The Oklahoma Education Association, which is the state's affiliate to the National Education Association, called off the statewide teacher strike for their members yesterday, ordering them to return to work on Monday. The teachers are demanding livable wages that will allow them to work only one job, the restoration of proper funding for the state's public schools (20% of which are so underfunded that they're reduced to using four-day school weeks) after decades of budget cuts thereto, and the elimination of state subsidies to the gas and oil industries that have been the direction the state government has consistently pointed the difference in taxpayer money to instead in recent decades. Exactly none of those demands had been agreed to by the state government as of the time that the OEA proclaimed that the teachers they supposedly represent must return to work on Monday. To that end, the teachers plan to continue the strike next week anyway.
They're right! The strike, which just concluded its second week, was organized by teachers themselves on social media. It is hence rightly understood as their thing to call off, not that of the OEA, which has done nothing but try to contain this outpouring of anger and end it by any means possible as quickly as possible.The militant mood of teachers was spelled on the signs they were carrying Friday, including, “OEA doesn’t speak for me,” “The movement didn’t start with the OEA and won’t end with the OEA,” and “We’re not leaving.” Outside and inside the capitol, teachers held impromptu meetings to discuss how to sustain their walkout next week.

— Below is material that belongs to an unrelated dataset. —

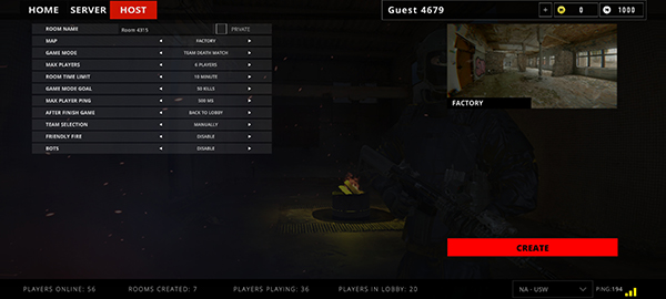 1、下载并安装好游戏,进入游戏后点击“host”创建房间。

“The unions don’t want a popular outcry and they are trying to sabotage this struggle,” Misty, a young teacher from the Oklahoma City area, told the World Socialist Web Site. “Teachers in Louisiana and other states are looking for a way to fight, and they should be brought into this. The unions and the media don’t want teachers in the rest of the country to know about our fight in Oklahoma, and they don’t want us to know what is happening across the US.”
Seriously, do unions EVER do anything to support the interests of the workers they supposedly represent anymore? Right now, I'm pretty embarrassed to belong to the NEA.